La solution ne réside pas non plus dans un discours « à la carte » selon qu’on s’adresse à la population multi-ethnique des quartiers de Montréal ou au Québec régional traditionnel. Les thèmes unificateurs que sont la souveraineté et la question linguistique doivent en constituer le socle. On ne peut se contenter de les évoquer rapidement en fin de campagne quand on sent que des pans du vote nationaliste nous échappent.

La social-démocatie est l’autre pilier historique du ralliement du plus grand nombre au projet souverainiste. Aux États-Unis, les succès de Bush et des Républicains s’expliquent en bonne partie par la prolifération des radios « trash » auprès d’une population ouvrière de moins en moins syndiquée.
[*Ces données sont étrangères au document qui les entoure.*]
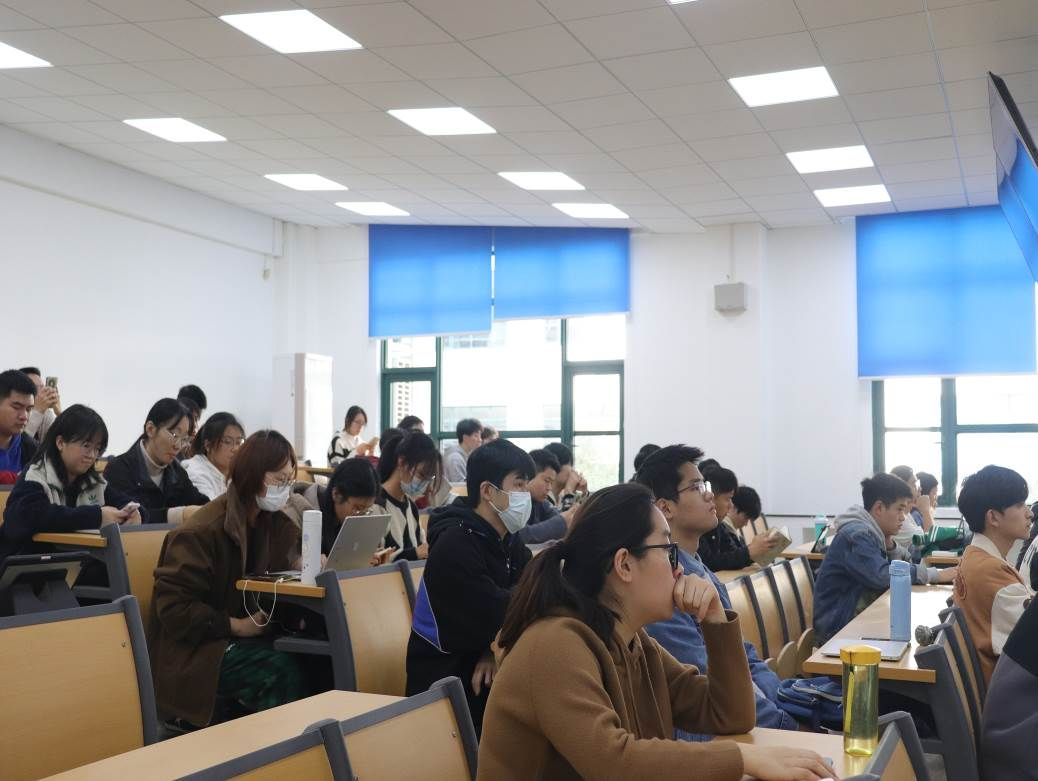 第一位分享的是万学教育·海文考研教学与研究中心的谭晓禹老师,他的讲座主题是“2025届完美考研之路启动规划课程”。根据前期同学们的问题反馈,谭老师针对性地从三个方面展开分享。首先是对考研形势的宏观分析,通过具体的数据让同学们对考研基本情况形成清晰的认识;其次,谭老师讲述了院校专业选择方案,从三次选择和三次适配详细地传授了专业选择的方法;最后,谭老师介绍了全科启动备考策略,逐一分析了每个学科的学科特点、复习方法、学习任务等,同时强调了在备考过程中端正态度、把握时间的重要性。

Rappelons qu’en une trentaine d’années, le taux de syndicalisation aux États-Unis a dégringolé de 35 % à 13 %.

Que nous ayons au Québec le taux de syndicalisation le plus élevé en Amérique du nord (40 %) est le fruit de l’alliance historique entre le mouvement souverainiste et le mouvement syndical. L’offensive du gouvernement Charest contre le mouvement syndical avec les modifications à l’article 45 du Code du travail pour faciliter la sous-traitance et le récent décret dans les négociations du secteur public visent à saper non seulement les bases du mouvement syndical mais également du mouvement national.
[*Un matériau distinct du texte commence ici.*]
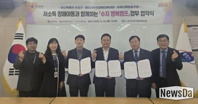 뉴스다 최광묵 기자 | 용인특례시 수지구는 13일 용인시수지장애인복지관과 수지신용협동조합과 함께 저소득 장애아동의 복지 향상과 장애 인식 개선을 위한 ‘수지 행복캠프’ 추진 업무협약을 체결했다고 14일 밝혔다.

Au cours de notre histoire, l’idéal souverainiste s’est toujours conjugué aux grands courants historiques mondiaux de libération. La rébellion des Patriotes de 1837-1838 s’inspirait de la révolution américaine et s’inscrivait dans le vaste mouvement des indépendances qui balayait l’Europe et les Amériques.

Dans les années 1960, le vieux mouvement nationaliste québécois s’est régénéré au contact du mouvement de décolonisation issu de la Seconde Guerre mondiale et du mouvement des droits civiques des Noirs américains. Aujourd’hui, une tâche similaire se présente à nous. Notre défi est de fusionner le mouvement souverainiste québécois avec le mouvement altermondialiste.

Pendant que le Canada anglais s’aligne sur la droite américaine, l’Amérique latine est en train de virer résolument à gauche. Le mouvement souverainiste québécois doit choisir son camp.